**YOUR OBJECTIVE:** From the line containing "Wenn Sie unter" to the end of the records below, both included, every line should be repeated exactly; pictures should be dropped.

—————

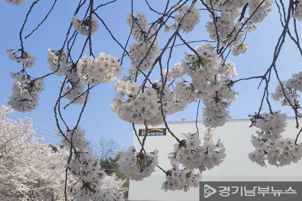 북수원시장 정거장에서 광교산(항아리화장실) 초입을 향해 걷다보면 양쪽 도로에는 벚꽃이 한가득 피어있다. 양쪽에 음식점과 카페, 베이커리까지 두루 있어 나들이에는 제격이다. 어린 아이의 손을 잡고, 연로하신 부모님과의 걸음은 인생에 또 한 페이지 추억을 만들게 한다.
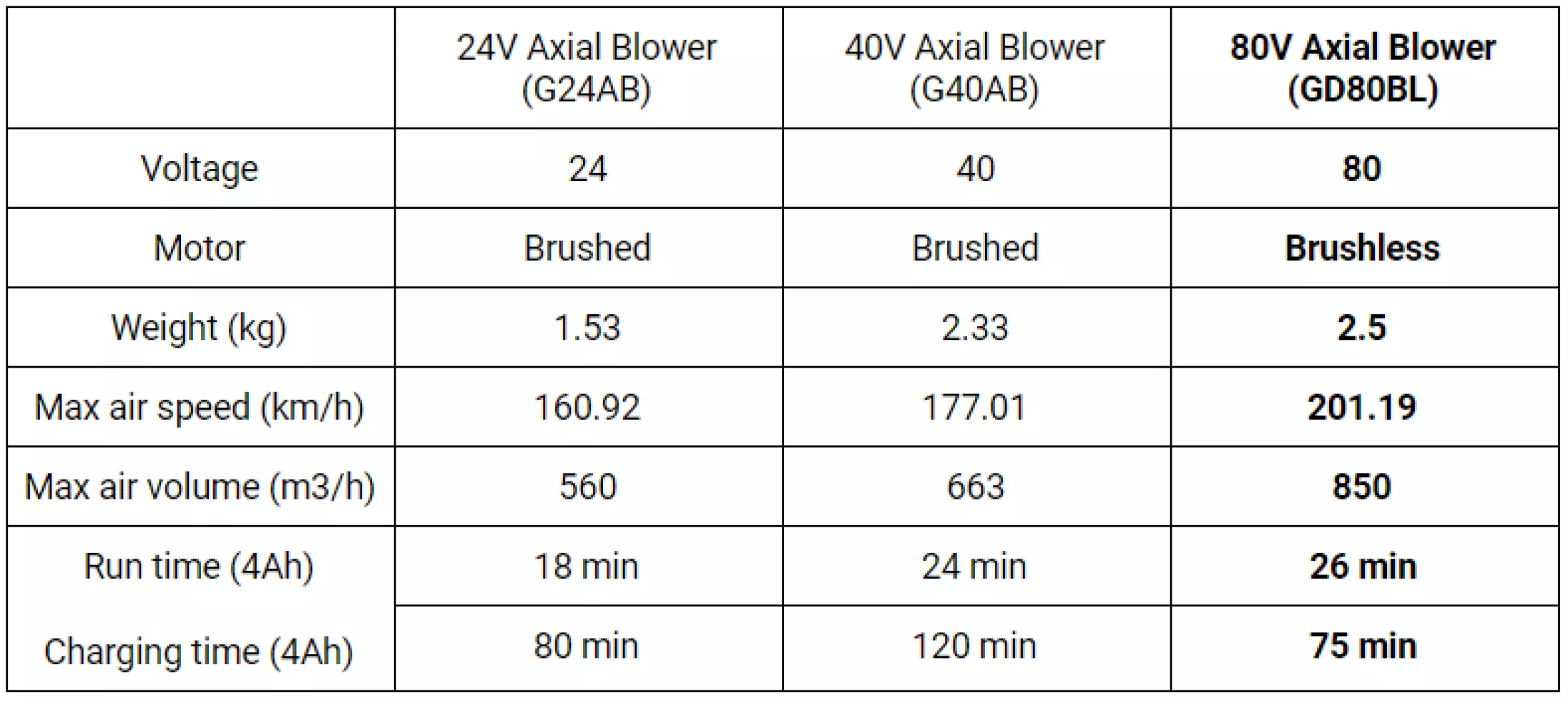- Thanks to GD80BL's axial fan and brushless motor, low weight and simplicity, this blower can cope with damp leaves without blocking.
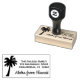 Este selo de borracha de endereço tropical personalizado e divertido tem uma silhueta de uma palmeira de coco. Diz Aloha do Havaí e um nome de exemplo. — Adicione seu nome e endereço na modelo para personalizar. Você pode alterar o estilo da fonte se quiser. Clique no botão personalizar ou personalizar. Talvez seja necessário ajustar o tamanho das letras para o ajustado. — Você pode mudar as palavras no carimbo se quiser, ou mover as coisas. Isso também está disponível em carimbos redondos e autopicantes. — Mande saudações havaianas da praia ou de sua casa. Você pode usá-lo se você vive em um lugar tropical ou perto do oceano, ou se você vai de férias para um lugar quente e balnear. — Veja os selos de borracha do retorna caprichoso no Lápis de Alina.
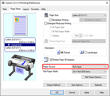 Wenn Sie unter Papierzufuhr (Paper Source) ein Rollenpapier ausgewählt haben, stellen Sie die Rollenpapierbreite (Roll Paper Width) auf die Breite des im Drucker eingelegten Rollenpapiers ein.
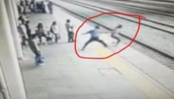 شاهد .. شاب يمنع فتاة من الانتحار أمام قطار فى اللحظات الأخيرة

—————

**REPLY TO THE EXERCISE:**
 Wenn Sie unter Papierzufuhr (Paper Source) ein Rollenpapier ausgewählt haben, stellen Sie die Rollenpapierbreite (Roll Paper Width) auf die Breite des im Drucker eingelegten Rollenpapiers ein.
 شاهد .. شاب يمنع فتاة من الانتحار أمام قطار فى اللحظات الأخيرة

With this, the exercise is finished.